Mission HydroSci is a 3D educational game designed to teach middle school students water science and scientific argumentation. During its development, I conducted usability testing to evaluate whether players could successfully complete tasks, identify interaction challenges, and assess the overall efficiency and satisfaction of the experience. My work ensured that player behaviors aligned with design intent, driving improvements to enhance engagement and usability.

Players of Mission HydroSci must learn to use the landscapes and its water systems to survive. — Players of *Mission HydroSci* must learn to use the landscapes and its water systems to survive.

Problem Statement

The project addressed the challenge of ensuring that gameplay and UI features aligned with user needs and functioned as intended. Usability testing during development aimed to identify and resolve design issues early, optimizing the player experience for effective classroom implementation.

Users & Audience

The primary audience for this application is students aged 11 to 14, particularly those at risk of underperformance in science education due to systemic inequities, such as underfunded schools, socioeconomic challenges, or disengagement from science learning. The secondary audience includes teachers who will integrate the game into their classroom instruction.

Mission HydroSci is designed for middle school students, requiring an understanding of both their expectations and those of their teachers.

Roles & Responsibilities

As the lead UX researcher and project manager, I collaborated with a cross-functional team of 20+ developers, designers, and artists to drive the user experience strategy. I managed the timeline for usability testing, ensuring that features underwent thorough quality assurance before being handed off for testing. After conducting an audit of each feature, I developed detailed testing protocols and mentored a junior researcher on the necessary procedures and steps required to successfully complete the testing tasks. Once testing was complete, I analyzed the findings, including usability issues, video footage, and screen captures, and synthesized actionable insights to present to leadership and the design team, driving design improvements.

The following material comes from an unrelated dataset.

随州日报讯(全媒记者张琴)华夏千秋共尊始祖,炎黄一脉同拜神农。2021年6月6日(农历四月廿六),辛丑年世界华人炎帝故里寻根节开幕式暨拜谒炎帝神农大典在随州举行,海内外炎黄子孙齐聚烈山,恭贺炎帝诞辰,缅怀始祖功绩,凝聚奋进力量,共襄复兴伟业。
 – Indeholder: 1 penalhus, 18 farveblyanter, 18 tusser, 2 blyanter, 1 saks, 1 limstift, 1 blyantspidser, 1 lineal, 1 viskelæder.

I developed Helix Plan dashboards to create and manage sprint tasks and releases, ensuring timely execution of UX tests. Helix Plan is a Jira-like took that is commonly used for backlog and task management for video game development.

Scope & Constraints

In my role as scrum master, product owner, and lead UX researcher, I was responsible for balancing competing priorities, which often impacted the usability testing schedule. The project had a tight timeline focused on delivering a minimal viable product (MVP), which meant that there wasn’t enough time for extensive internal iterative testing before features were passed on for usability testing. As a result, some desired design polish had to be de-prioritized in favor of meeting deadlines and ensuring core functionality. This tight scope influenced both the testing process and the feedback cycle.

Our timeline was short, and I communicated laboratory and classroom testing milestones through Miro.

Process

I collaborated closely with the development team to ensure the readiness of specific gameplay features for usability testing. Instead of testing entire builds, we focused on targeted gameplay sequences, such as 3D puzzles (e.g., navigating a dungeon with knowledge of water flow and sediments) and 2D user interface elements (e.g., categorizing parts of an argument in an argumentation sequence).

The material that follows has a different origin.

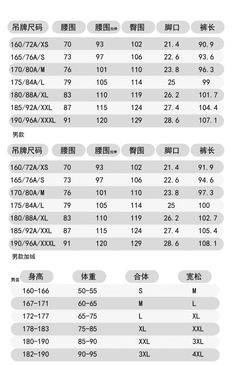 Outseam (cm) 99 cm 101.5 cm 104 cm 106.5 cm 109 cm
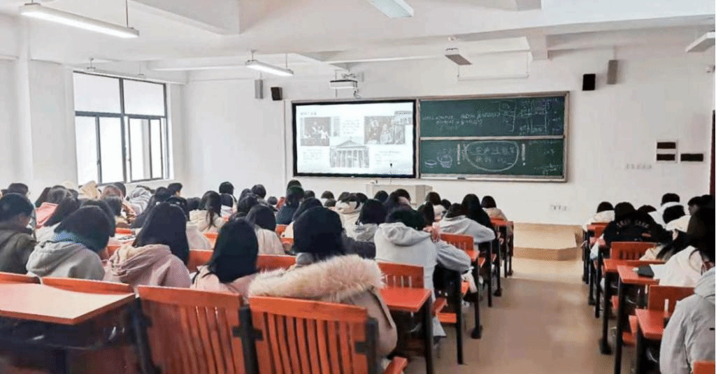 16日上午,Beat365正版唯一官网必一全体20级学生在唯实楼215、420、421、422、423、424多媒体教室通过视频会议连线了张书老师。

To standardize the testing process, I created feature-specific usability testing protocols for a junior researcher to follow. Each protocol was tailored to the feature being evaluated. For example, testing a 3D puzzle emphasized problem-solving pathways and ease of navigation, while testing a UI element focused on the clarity of labels and the responsiveness of controls.

The junior researcher managed participant recruitment. After IRB approval, participants were recruited on a first-come, first-served basis through a university-hosted announcement website and email system, reaching both university-affiliated individuals and community members.

I designed usability tests to focus on specific features and collaborated with junior researchers to create easy-to-follow protocols.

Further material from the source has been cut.